Den Mark Pharmaceuticals Pvt. Ltd. adheres strictly to the WHO GMP guidelines to ensure the production of top-quality Calcium Citrate + Vitamin D3 + Zinc + Magnesium Tablets.
Here's a comprehensive overview of our manufacturing process:
- Raw Material Procurement and Quality Control: We source raw materials from approved suppliers who meet stringent quality standards. Calcium citrate, Vitamin D3, Zinc, and Magnesium undergo thorough quality checks to ensure purity, potency, and compliance with pharmacopeial standards.
- Granulation Process: a. Mixing: Precisely measured quantities of Calcium citrate, Vitamin D3, Zinc, and Magnesium are mixed with suitable excipients like binders and disintegrants in a blender. b. Wet Granulation: The blend is moistened with a binder solution and granulated to form uniform granules. c. Drying: The wet granules are dried to remove moisture, ensuring stability and preventing microbial growth.
- Tablet Compression: a. Lubrication: Granules are lubricated to enhance flow properties and prevent sticking during compression. b. Compression: The lubricated granules are compressed into tablets of specified size, shape, and weight using high-quality tablet presses.
- Coating (Optional): Tablets may undergo coating to improve appearance, taste masking, or to provide enteric protection.

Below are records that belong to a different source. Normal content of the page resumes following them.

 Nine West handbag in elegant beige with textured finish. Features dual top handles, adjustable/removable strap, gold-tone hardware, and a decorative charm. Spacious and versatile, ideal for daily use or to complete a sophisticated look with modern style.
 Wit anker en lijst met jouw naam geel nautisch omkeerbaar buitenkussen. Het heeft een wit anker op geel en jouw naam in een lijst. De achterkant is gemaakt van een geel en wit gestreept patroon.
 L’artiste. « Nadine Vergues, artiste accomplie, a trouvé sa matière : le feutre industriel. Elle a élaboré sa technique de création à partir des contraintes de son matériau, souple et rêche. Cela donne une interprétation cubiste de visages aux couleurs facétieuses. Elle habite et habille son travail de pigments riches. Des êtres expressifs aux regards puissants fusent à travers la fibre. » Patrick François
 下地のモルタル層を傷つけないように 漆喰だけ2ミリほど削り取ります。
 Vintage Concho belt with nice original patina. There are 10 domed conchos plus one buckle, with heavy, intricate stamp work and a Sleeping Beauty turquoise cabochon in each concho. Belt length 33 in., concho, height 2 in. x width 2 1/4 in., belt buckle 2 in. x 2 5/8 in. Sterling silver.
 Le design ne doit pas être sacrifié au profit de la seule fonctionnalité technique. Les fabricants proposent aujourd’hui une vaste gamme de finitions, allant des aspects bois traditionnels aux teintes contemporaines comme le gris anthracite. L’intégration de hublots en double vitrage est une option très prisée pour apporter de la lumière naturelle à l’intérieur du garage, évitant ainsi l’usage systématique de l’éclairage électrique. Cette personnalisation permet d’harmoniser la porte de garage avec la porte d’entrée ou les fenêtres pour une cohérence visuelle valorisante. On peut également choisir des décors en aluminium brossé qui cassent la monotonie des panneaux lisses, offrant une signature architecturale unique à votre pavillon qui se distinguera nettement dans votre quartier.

Coating materials are carefully selected for compatibility and functionality.
- Quality Control Testing: Throughout manufacturing, samples are collected and subjected to rigorous quality control tests. These include assays for active ingredients, dissolution testing, hardness testing, and visual inspection for defects.
- Packaging: a. Primary Packaging: Finished tablets are packed into blister packs or bottles under controlled conditions to maintain product integrity. b. Secondary Packaging: Labeled blister packs or bottles are placed into cartons with appropriate labelling and patient information inserts.

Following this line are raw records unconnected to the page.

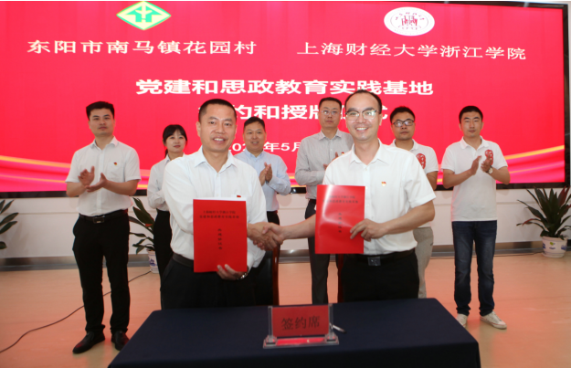5月28日,乐动手机版党建和思政教育实践基地签约和授牌仪式在东阳市南马镇花园党群服务中心举行。花园村党委副书记郭进武,乐动手机版党委委员、组织部部长张正亮代表双方致辞并签约。统计系师生代表以及2022年浙中调查专家组成员等参加并共同见证。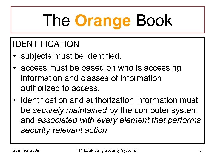 The Orange Book MARKING • Access control labels associated with objects. • label identifies its sensitivity level (classification), and/or modes of access accorded subjects who may access it Summer 2008 11 Evaluating Security Systems 4
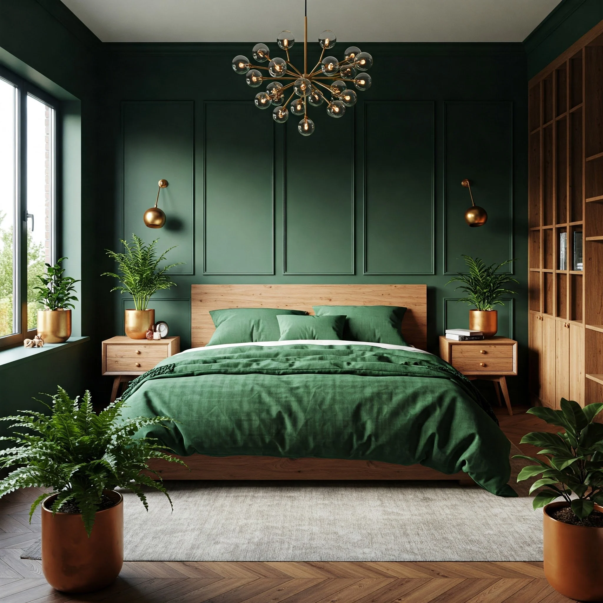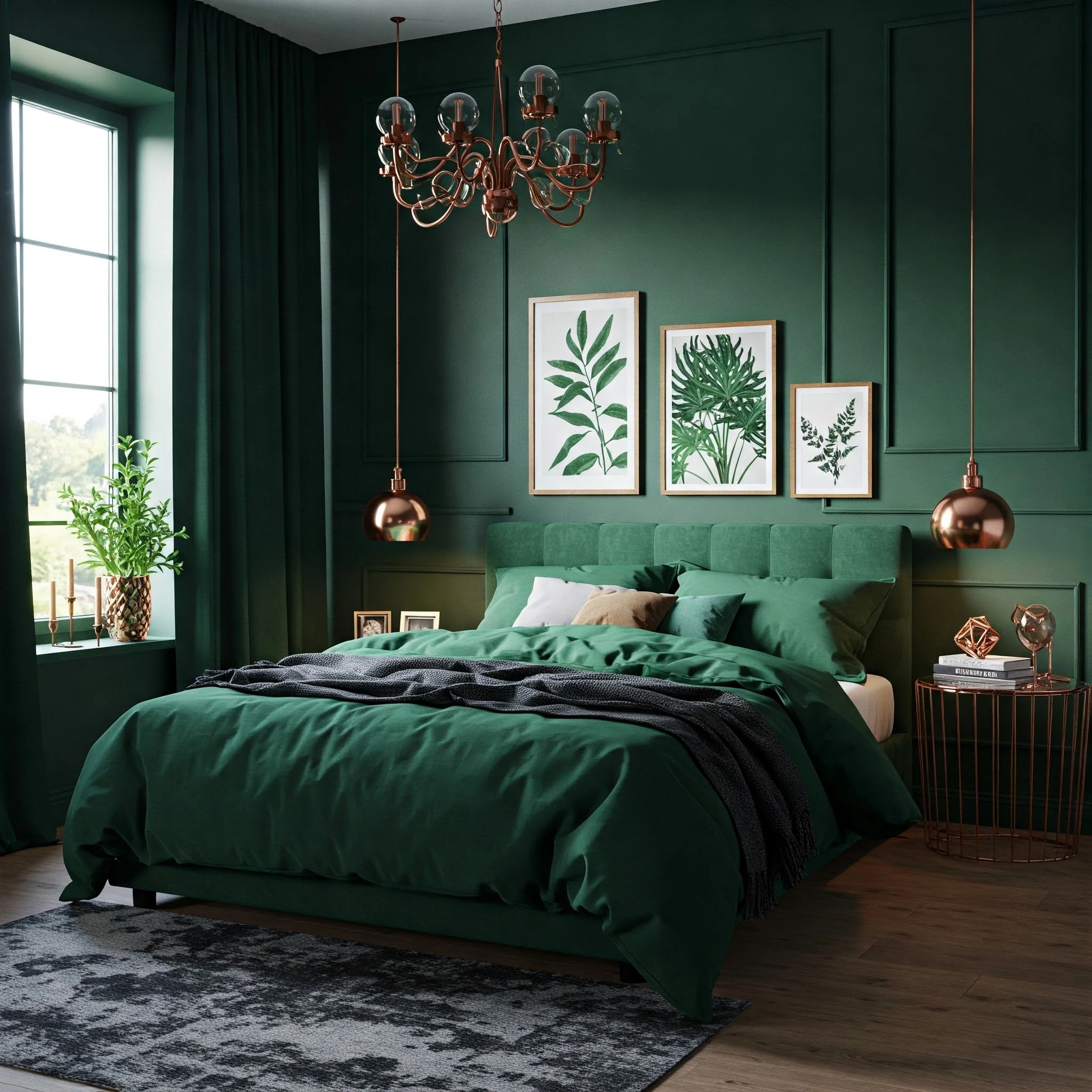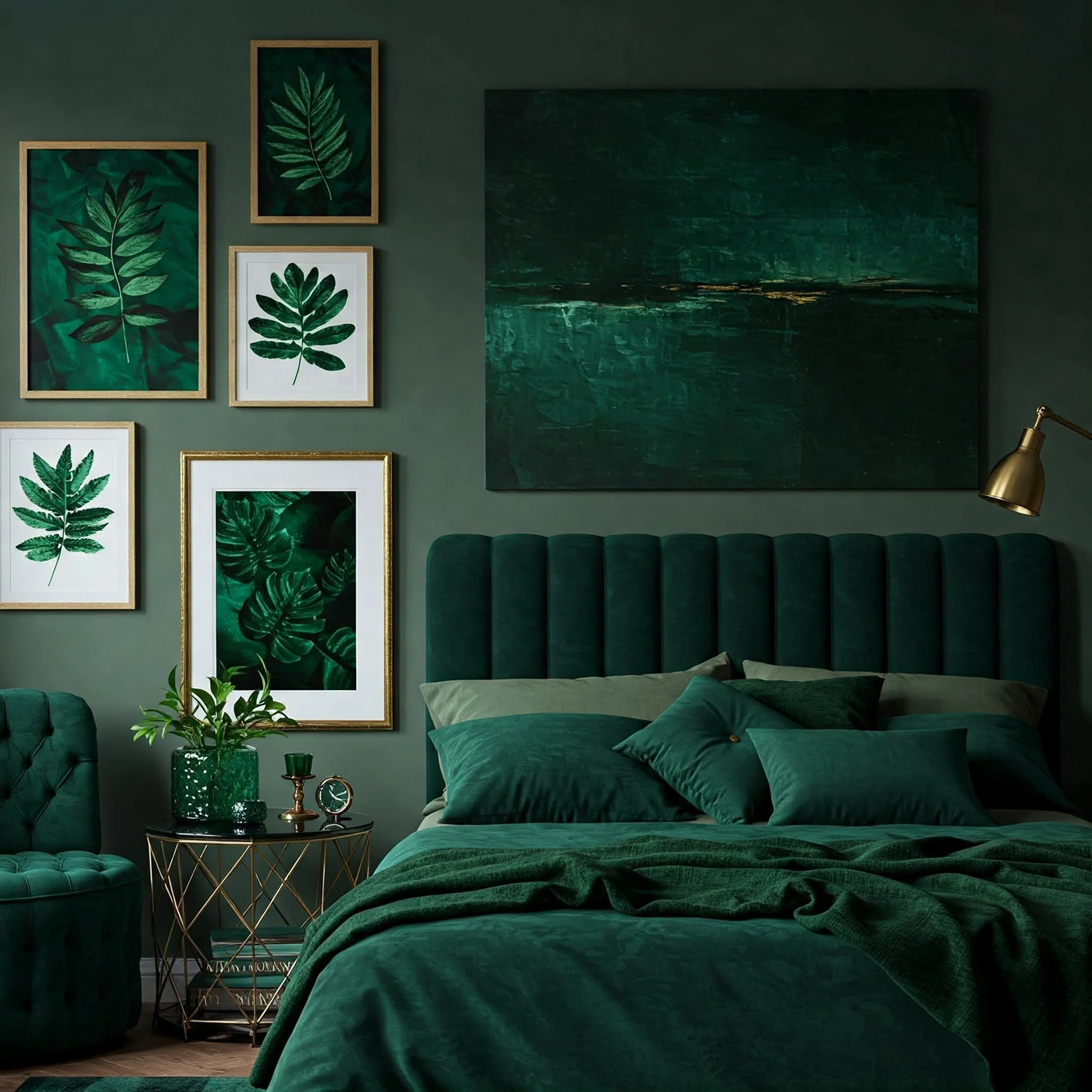 A statement wall in emerald or dark green can singlehandedly define the mood of your bedroom. It’s like rolling out the red carpet for your eyes each time you walk in. Rather than painting all four walls, focusing on just one—behind the bed, for instance—can make the color pop without overwhelming the space. If painting feels too permanent, wallpaper is another option. There are myriad designs featuring botanical prints or geometric patterns that play up the green theme. The trick is to let that bold wall take center stage. Keep the surrounding décor and textiles more subdued, allowing the dramatic color or pattern to shine. In essence, a well-executed emerald or dark green statement wall is the visual equivalent of a spotlight on stage: instantly drawing admiration, capturing attention, and telling guests you’re not afraid to make a stylish, confident statement.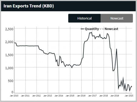 根据OilX的数据,预计伊朗的石油出口量在6月和7月将下降至每天约25万桶,这比制裁前的250万桶/天大幅下降,这将进一步加剧存储问题。

- Storage and Distribution: Finished Pharmaceutical products are stored in controlled environments with appropriate temperature and humidity conditions to maintain stability. Strict inventory management and distribution practices ensure timely customer delivery while preserving product quality
- Documentation and Record Keeping: Comprehensive documentation of all pharmaceutical manufacturing processes, quality control tests, and deviations is maintained per WHO GMP guidelines. This includes batch records, certificates of analysis, and validation reports.
- Cleaning and Sanitization: Equipment used in manufacturing is regularly cleaned and sanitized to prevent cross-contamination and ensure product safety.

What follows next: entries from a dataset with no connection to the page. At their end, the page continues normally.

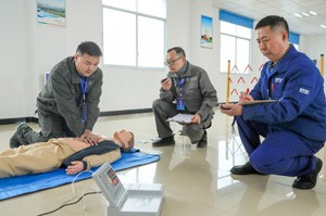 2023年2月22日,参加“2023年川渝电力职工职业技能大赛”的选手,在四川省广安市华蓥山经开区参加触电急救项目比赛。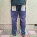 ロング麻パンツ(ナス紺×生成り)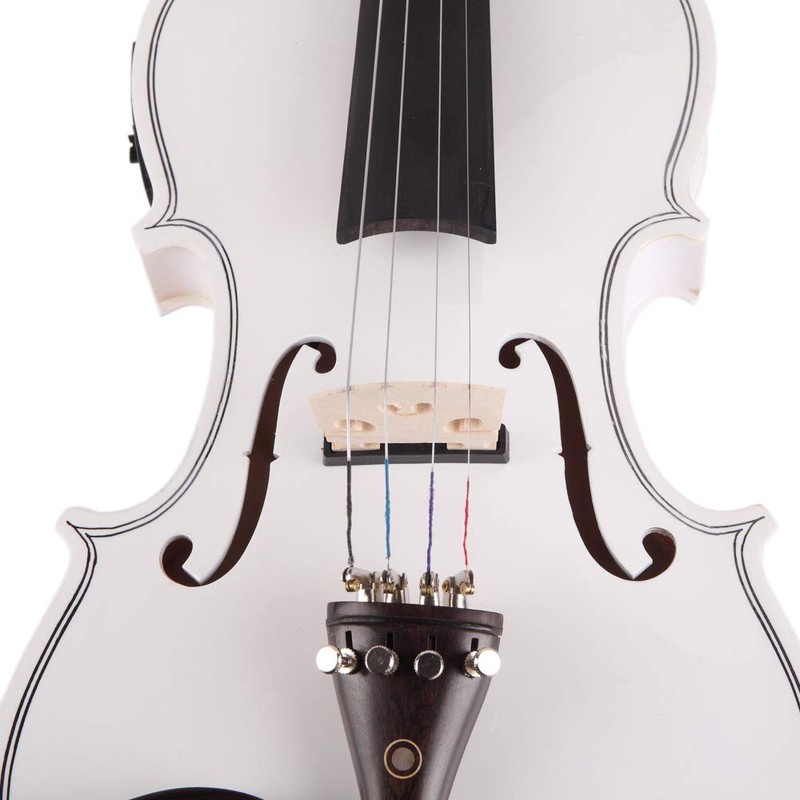 Ktaxon Acoustic Electric Violin, 4/4 Violin with EQ preamp and Ebony Accessories, Full-size Violin with AUX Cable, Shoulder Rest, Tuner, Rosin, Extra String and Cleaning Cloth (White)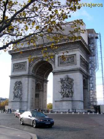 Arc du Triomphe -Paris- France: The Arc de Triomphe de l'Etoile, the world's largest triumphal arch, forms the backdrop for an impressive urban ensemble in Paris. Its deceptively simple design and immense size, 49.5 m (162 ft) in height, mark it unmistakably as a product of late 18th-century romantic neoclassicism.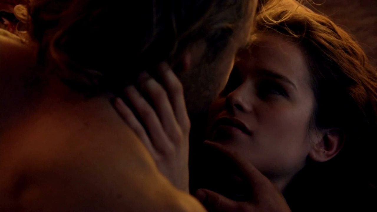 Crassus prepares to meet Spartacus by sparring with his men. He proves himself a very proficient dual-swordsmanship specialist. Kore is brought to him in shackles and the two go into his tent. She looks at the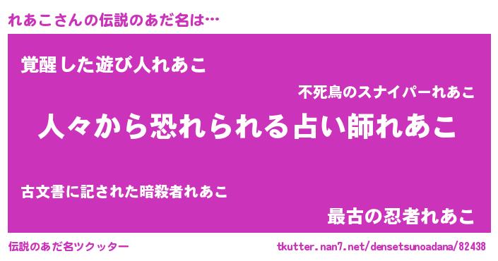 | 意味不明あだ名 | 『住所不定無職れあこ(65歳)』『自称れあこ』 |

- Continuous Improvement: Den Mark Pharmaceuticals Pvt. Ltd. is committed to continuous improvement through regular audits, training programs, and best practices to enhance product quality and compliance with WHO GMP guidelines.
By following these clean pharmaceutical manufacturing processes and adhering to WHO GMP guidelines, Den Mark Pharmaceuticals Pvt. Ltd ensures the production of top-quality Calcium Citrate + Vitamin D3 + Zinc + Magnesium Tablets that meet the highest standards of safety, efficacy, and regulatory compliance.